三、主要代码
# region 弹幕获取相关函数
class GetDanmuBase(object):
base_xml = '''<?xml version="1.0" encoding="utf-8"?>
<i>
{}
</i>'''
data_list = []
name = ""
domain = ""
def error(self, msg):
return {
"msg": msg,
"start": 500,
"data": None,
"name": self.name
}
def success(self, data):
return {
"msg": "success",
"start": 0,
"data": data,
"name": self.name
}
def get_data_dict(self):
return dict(
timepoint=0, # 弹幕发送时间(秒)
ct=1, # 弹幕类型,1-3 为滚动弹幕、4 为底部、5 为顶端、6 为逆向、7 为精确、8 为高级
size=25, # 字体大小,25 为中,18 为小
color=16777215, # 弹幕颜色,RGB 颜色转为十进制后的值,16777215 为白色
unixtime=int(time.time()), # Unix 时间戳格式
uid=0, # 发送人的 id
content=""
)
def main(self, url, _type):
"""
获取弹幕的主逻辑
"""
pass
def parse(self, _type):
"""
解析返回的原始数据
:param _type: 数据类型,xml 或 list
"""
pass
def get(self, url, _type='xml'):
self.data_list = []
try:
return self.main(url, _type)
except Exception as e:
return self.error(f"程序出现错误:{traceback.print_exc()}")
def getImg(self, url):
"""
获取弹幕的表情链接
"""
return []
def list2xml(self, data):
xml_str = f' <d p="{data.get("timepoint")},{data.get("ct")},{data.get("size")},{data.get("color")},{data.get("unixtime")},0,{data.get("uid")},26732601000067074,1">{data.get("content")}</d>'
return xml_str
def time_to_second(self, _time: list):
s = 0
m = 1
for d in _time[::-1]:
s += m * int(d)
m *= 60
return s
class GetDanmuTencent(GetDanmuBase):
name = "腾讯视频"
domain = "v.qq.com"
def __init__(self):
self.api_danmaku_base = "https://dm.video.qq.com/barrage/base/"

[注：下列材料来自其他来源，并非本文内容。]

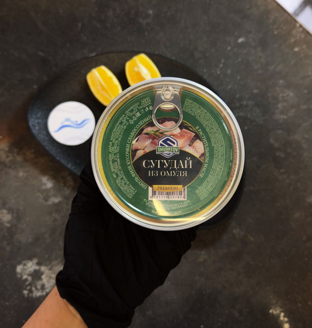 Сугудай из омуля в «Дары Камчатки» (Краснодар) — северный деликатес с нежным вкусом и мягкой текстурой.
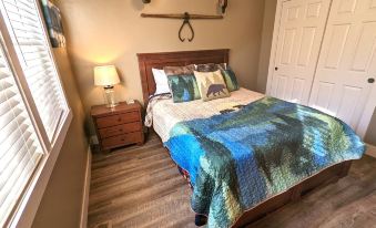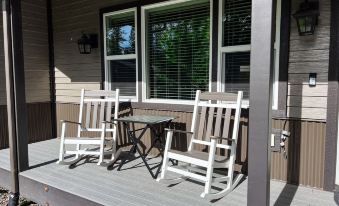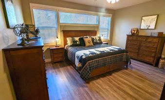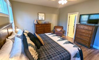 Step inside to discover a welcoming open-concept kitchen and living space, complete with comfortable seating and a 65" smart TV. The kitchen features ample dining options, including a kitchen table, outdoor dining area, and island seating. On the main level, you'll find the master suite with a king-sized bed, en suite bathroom with a jetted jacuzzi tub, and a smart TV. Two additional bedrooms, one with a queen bed and the other with a twin over full bunk bed, share a full bathroom.
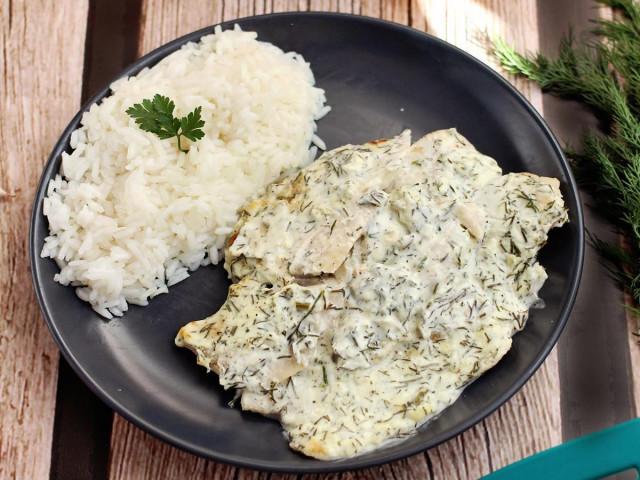 Диетическое рыбное блюдо! Приготовь вкусный и полезный ужин! Нежное филе минтая в соусе из сметаны с укропом - только мясо рыбы, без костей и кожи. Запекание в духовке превращает его в идеальное и низкокалорийное основное блюдо с нежным соусом, которое отлично сочетается с любым гарниром.
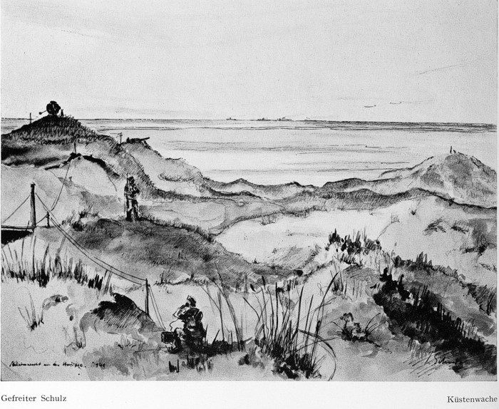 Onderstaande tekening komt uit een bundel van Gefreiter Schulz met meer gezichten op Zeeland.
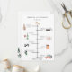 Rustik färgstark vattenfärg illustrerade bröllopsdag inslag, tidslinjeprogram. Kortet har kyrka, kamera, flaska med glas, plattor, musik noter, tårta, bukett och retrobil. Kortets baksida har vattenfärgsblå, vit och blommigt och gräns.
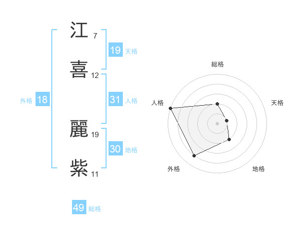 江喜 麗紫さんの総格は49画の2点!
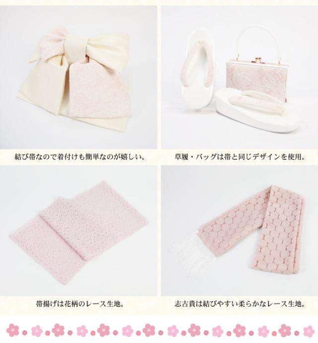 | ※髪飾りはセットに含まれておりません。 ※肩上げ・腰上げはされていません。 ※モデル着用の半衿・長襦袢・着付け小物類の色、デザインはイメージです。 ※帯・草履・帯締め・帯揚げ・志古貴・筥迫・扇子は品質も安心の日本製です。 ※商品画像はお客様のモニター環境等により、実際のカラーと若干異なって見える場合がございます。 ※レース生地は引っかけなどに弱いので、お取り扱いにはご注意ください。 | |||
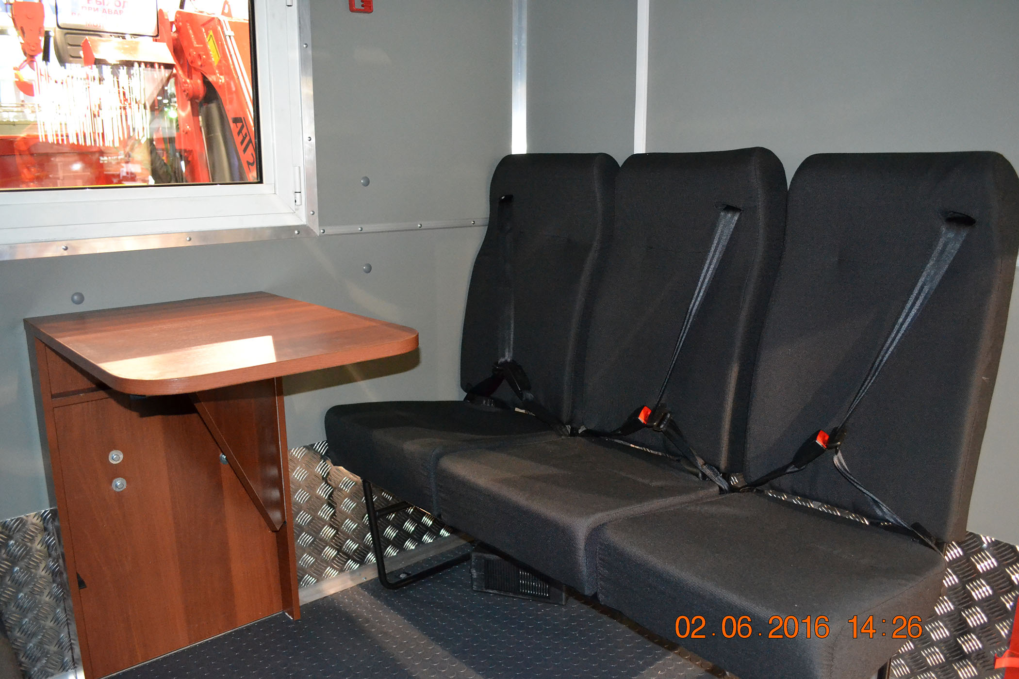 сиденье пассажирское трехместное, оборудованное трехточечными ремнями безопасности – 2 шт рундук для хранения инструмента – 1 шт переговорное устройство – 1 шт стол – 1 шт вешалка для одежды – 1 шт |
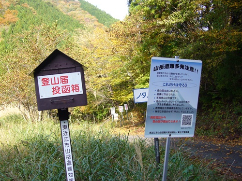 04 November 禁漁期間中の御池川 紅葉が始まりかけた奥永源寺の御池川に行ってきました。 御池川はいつも釣りに行く川ですので道は慣れていますが、先日の台風22号の影響で道はかなり荒れていました。 君ヶ畑の外れにあるノエビア化粧品の研修所前には車が辛うじて通れるくらいのスペースを開けてバリケードが立ててありました。 川の様子を見ながら車を走らせて目的地の長瀬橋まで走りました。 途中何か所か車を止めて川を眺めたり谷の入り口を見たりしていました。 河川の入り口には分りやすい看板が何か所も立ててありますから初めて来た人は分かりやすくてよいです。 そうこうしながら長瀬橋に着きました。 橋の手前には新しく案内の看板が立てられていました。 今年の春の解禁日には立てられていたかわからないけど、長瀬橋も渓流釣り解禁日には人気のあるポイントになってるから立てたのだと思います。 橋の上から川を見て観察してると解禁日から変わっている様子はなかったですが、川の水が増水していて少し濁ってました。 川の下りていつものポイントを観察していましたが、何にも変化なしでした。 今回もありましたが、岩の手前に水が溜まりになっていて沢山のイワナの稚魚が列を組んでいたことを思い出しました。 今回も期待しているましたが、残念ながら見ることはできなかったです。 川を少し歩いて観察していましたが、何にも変化はなく水の音がごうごうと聞こえるだけでした。 長瀬橋を後にして小又谷へ行きました。 小又谷の手前に御池岳の登山道入り口がありますが、登山者の車が沢山止まっていました。 御池岳は人気がある山ですから一年中登山する人がいます。 小又谷の入り口は相変わらずチエーンが掛けられていて分りやすい看板もたてられています。 谷には入りませんでしたが、来シーズンの解禁日になれば又釣りに行きます。 帰りに愛知川の本流の国道沿いにある広瀬屋に寄って地酒を買って帰りました。
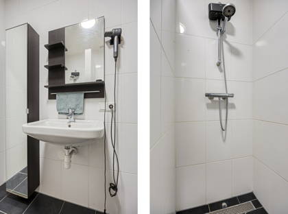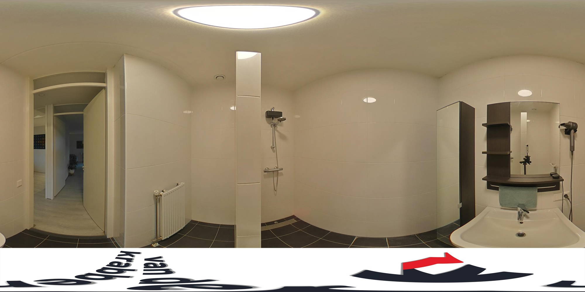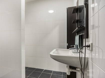 + Volledig betegelde badkamer met inloopdouche en wastafel.
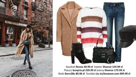 Spędzając zimę w mieście, przemieszczamy się sprawnie, pomiędzy załatwianiem sprawunków a przebywaniem z bliskimi. Postawmy na klasyczny look. Zakładamy must have tej zimy – płaszcz z domieszką pluszu, jeansy o prostym kroju, lekko marszczące się przy nogawce, sweter zdobiony pasami – ulubieńcami sezonu w komplecie z czarnymi dodatkami.
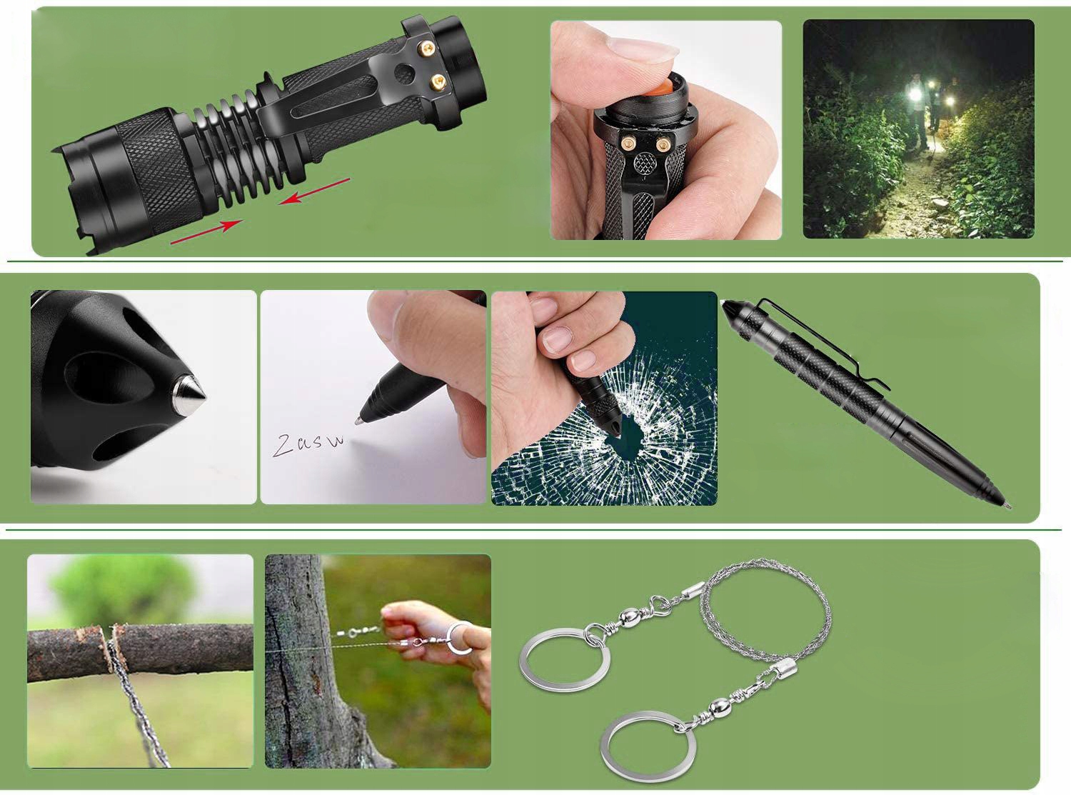 Zestaw narzędzi i akcesoriów survivalowych to niezbędnik każdego, kto poważnie myśli o swoim bezpieczeństwie i wygodzie podczas podróży, wycieczek, biwaków oraz innej aktywności na łonie przyrody. Szeroki wachlarz narzędzi i akcesoriów sprawdzi się jednak nie tylko podczas wypadów do lasu ale również w codziennych sytuacjach. Mając go przy sobie, możesz być pewny, że nie zaskoczy cię żadna sytuacja.
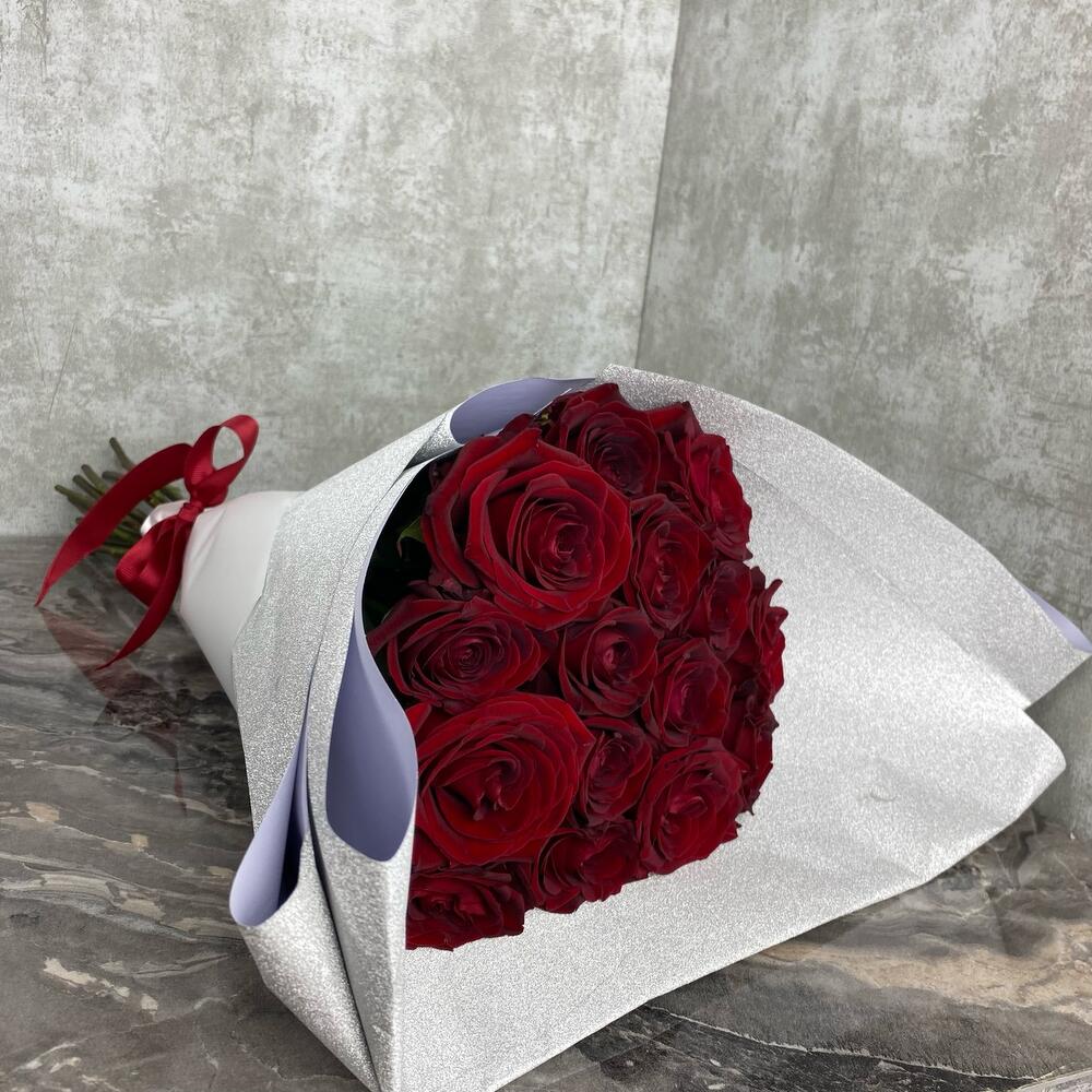 15 красных роз в блестящей упаковке
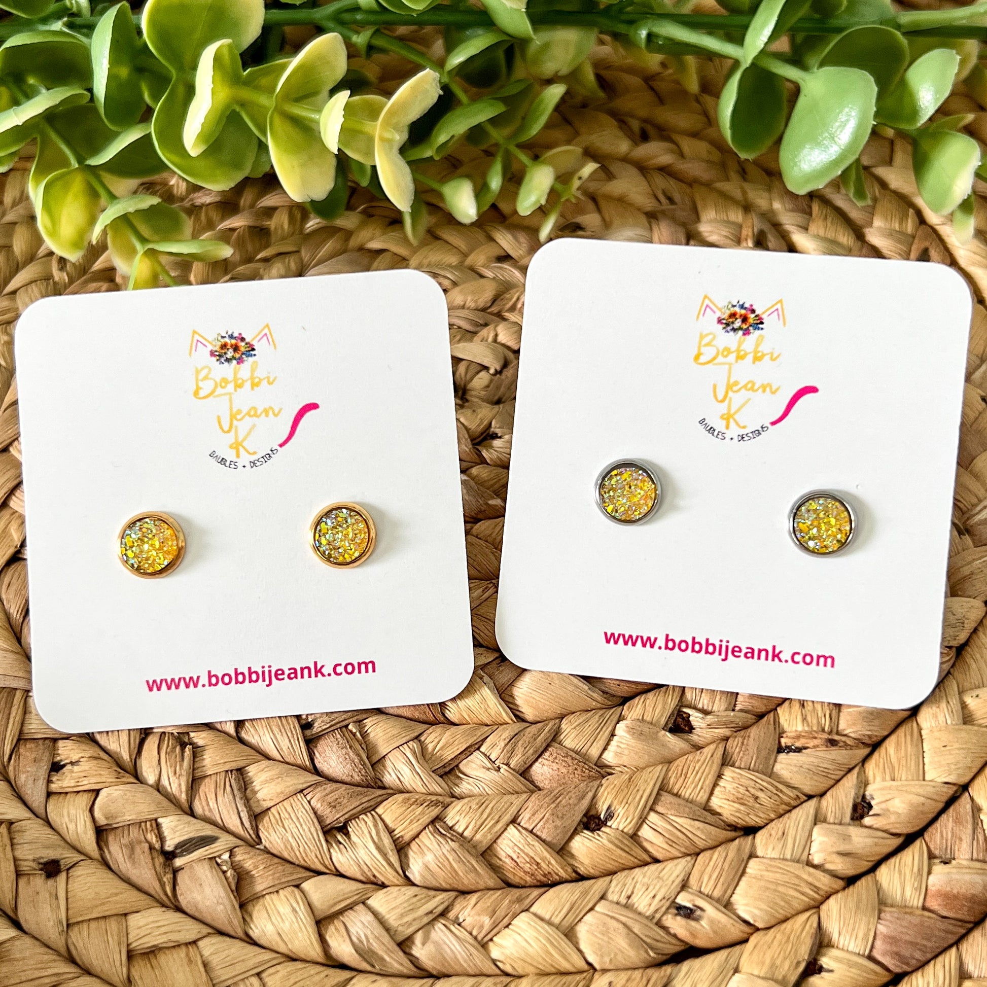 SALE: Yellow Faux Druzy Studs 8mm: Choose Silver or Gold Settings
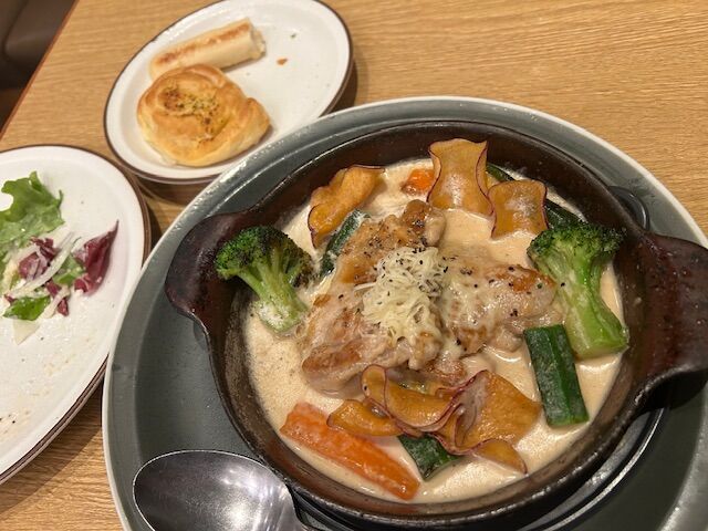 母が選んだのは、焼きたてパン食べ放題のベーカリーレストラン。写真にはふたつしか映っていませんが、すでに4個を半分ずつ食べているので、この段階で3個ずつ食べています。でもパン好きな母は、この後3つも食べました。
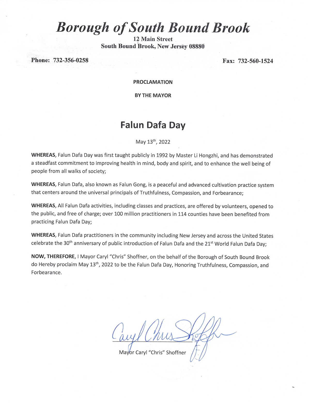 图3:新泽西州南邦布鲁克市(Borough of South Bound Brook)市长卡里尔・克里斯・肖夫纳(Caryl “Chris” Shoffner)发来褒奖,宣布二零二二年五月十三日为法轮大法日,致敬真、善、忍。

self.api_danmaku_segment = "https://dm.video.qq.com/barrage/segment/"
def parse(self, _type):
data_list = []
for data in tqdm(self.data_list):
for item in data.get("barrage_list", []):
_d = self.get_data_dict()
_d['timepoint'] = int(item.get("time_offset", 0)) / 1000
_d["content"] = item.get("content", "")
_d['unixtime'] = item.get('create_time')
if item.get("content_style") != "":
content_style = json.loads(item.get("content_style"))
if content_style.get("color") != "ffffff":
_d['color'] = int(content_style.get("color", "ffffff"), 16)
if _type == "xml":
data_list.append(self.list2xml(_d))
else:
data_list.append(_d)
return data_list
def main(self, url, _type):
self.data_list = []
# res = request_data("GET", url)
# sel = parsel.Selector(res.text)
# title = sel.xpath('//title/text()').get()
# vid = re.findall(f'"title":"{title}","vid":"(.*?)"', res.text)[-1]
# if not vid:
vid = re.search("/([a-zA-Z0-9]+)\.html", url)
if vid:
vid = vid.group(1)
if not vid:
return self.error("解析vid失败,请检查链接是否正确")
res = request_data("GET", urljoin(self.api_danmaku_base, vid))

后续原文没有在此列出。